Exclude the pictures, then copy all remaining records exactly.
■ ■ ■ ■ ■
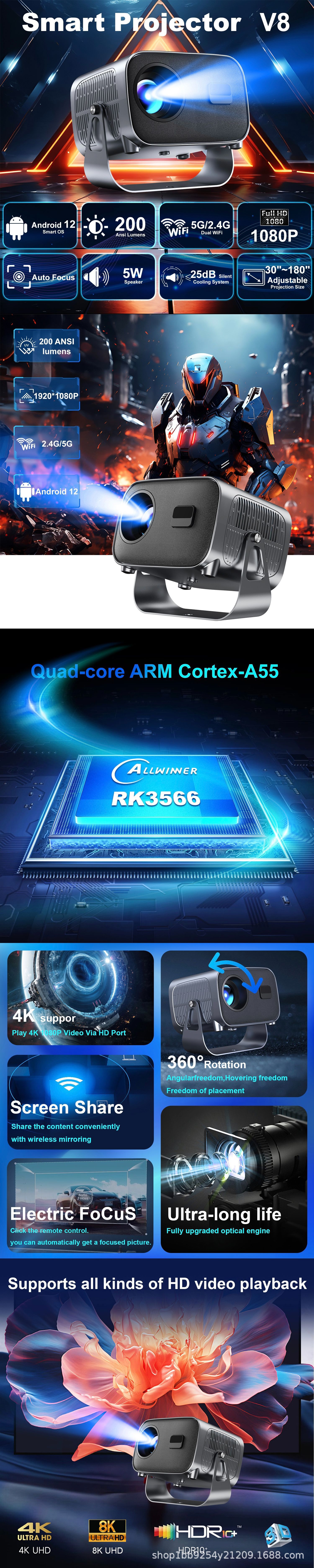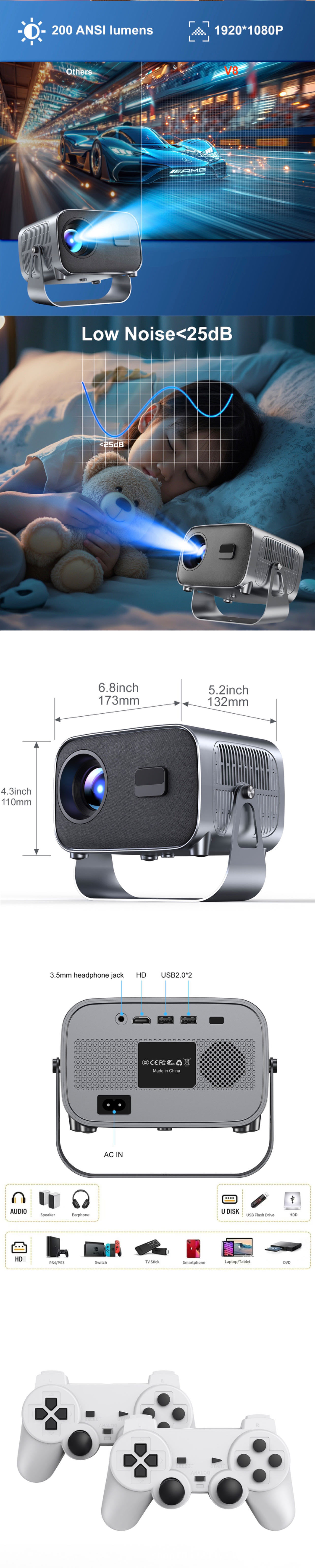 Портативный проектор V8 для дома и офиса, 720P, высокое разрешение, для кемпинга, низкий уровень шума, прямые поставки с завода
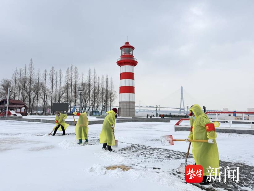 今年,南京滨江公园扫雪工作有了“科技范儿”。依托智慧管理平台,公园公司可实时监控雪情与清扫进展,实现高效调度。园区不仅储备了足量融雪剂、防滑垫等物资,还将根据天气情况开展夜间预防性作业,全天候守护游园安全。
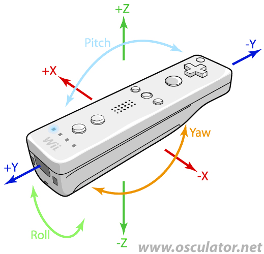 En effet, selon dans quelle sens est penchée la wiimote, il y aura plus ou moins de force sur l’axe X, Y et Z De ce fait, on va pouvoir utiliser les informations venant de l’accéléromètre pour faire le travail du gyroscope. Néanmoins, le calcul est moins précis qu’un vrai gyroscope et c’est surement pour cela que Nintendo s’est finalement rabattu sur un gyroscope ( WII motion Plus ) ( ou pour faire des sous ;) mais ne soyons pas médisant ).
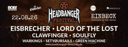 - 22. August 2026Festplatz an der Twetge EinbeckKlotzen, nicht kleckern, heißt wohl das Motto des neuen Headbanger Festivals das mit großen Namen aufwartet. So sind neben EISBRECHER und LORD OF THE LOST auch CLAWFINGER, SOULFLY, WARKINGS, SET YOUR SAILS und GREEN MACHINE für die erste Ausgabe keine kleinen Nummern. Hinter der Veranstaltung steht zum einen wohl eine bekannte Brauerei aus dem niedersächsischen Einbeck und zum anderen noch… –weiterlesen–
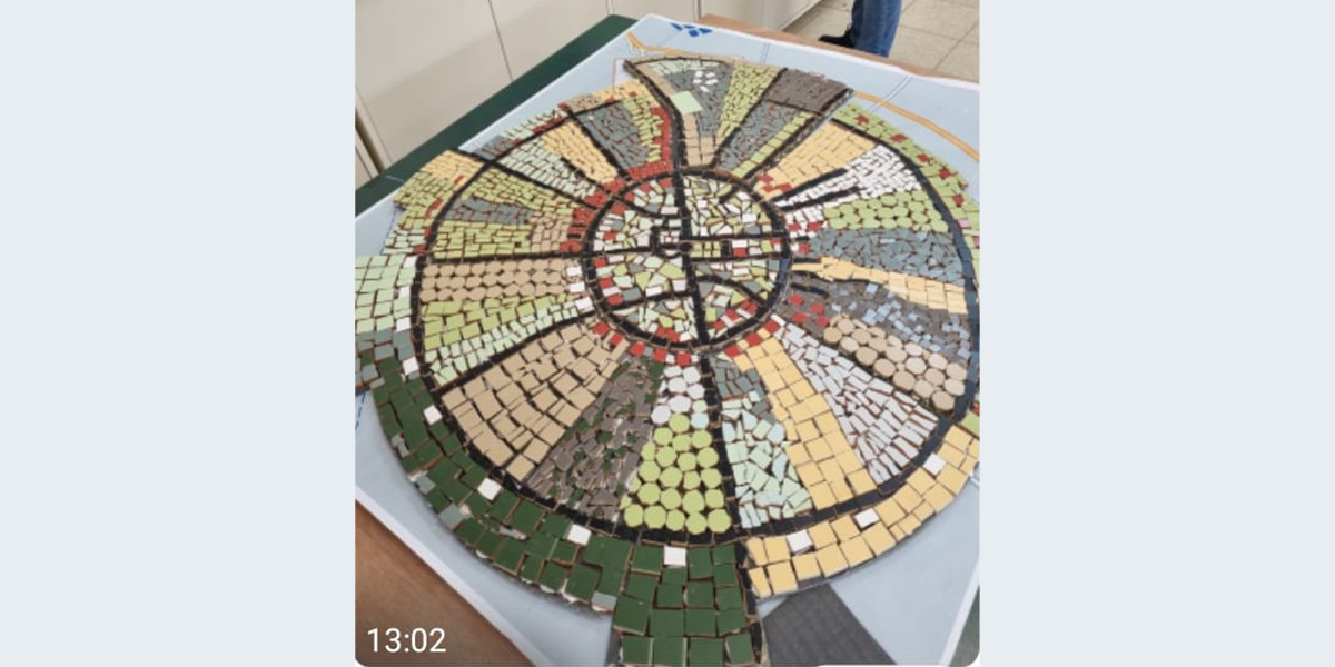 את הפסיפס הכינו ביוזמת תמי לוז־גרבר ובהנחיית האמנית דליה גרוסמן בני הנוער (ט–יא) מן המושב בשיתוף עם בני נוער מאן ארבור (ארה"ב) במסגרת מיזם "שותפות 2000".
■ ■ ■ ■ ■
(Task answer):
 Портативный проектор V8 для дома и офиса, 720P, высокое разрешение, для кемпинга, низкий уровень шума, прямые поставки с завода
 今年,南京滨江公园扫雪工作有了“科技范儿”。依托智慧管理平台,公园公司可实时监控雪情与清扫进展,实现高效调度。园区不仅储备了足量融雪剂、防滑垫等物资,还将根据天气情况开展夜间预防性作业,全天候守护游园安全。
 En effet, selon dans quelle sens est penchée la wiimote, il y aura plus ou moins de force sur l’axe X, Y et Z De ce fait, on va pouvoir utiliser les informations venant de l’accéléromètre pour faire le travail du gyroscope. Néanmoins, le calcul est moins précis qu’un vrai gyroscope et c’est surement pour cela que Nintendo s’est finalement rabattu sur un gyroscope ( WII motion Plus ) ( ou pour faire des sous ;) mais ne soyons pas médisant ).
 - 22. August 2026Festplatz an der Twetge EinbeckKlotzen, nicht kleckern, heißt wohl das Motto des neuen Headbanger Festivals das mit großen Namen aufwartet. So sind neben EISBRECHER und LORD OF THE LOST auch CLAWFINGER, SOULFLY, WARKINGS, SET YOUR SAILS und GREEN MACHINE für die erste Ausgabe keine kleinen Nummern. Hinter der Veranstaltung steht zum einen wohl eine bekannte Brauerei aus dem niedersächsischen Einbeck und zum anderen noch… –weiterlesen–
 את הפסיפס הכינו ביוזמת תמי לוז־גרבר ובהנחיית האמנית דליה גרוסמן בני הנוער (ט–יא) מן המושב בשיתוף עם בני נוער מאן ארבור (ארה"ב) במסגרת מיזם "שותפות 2000".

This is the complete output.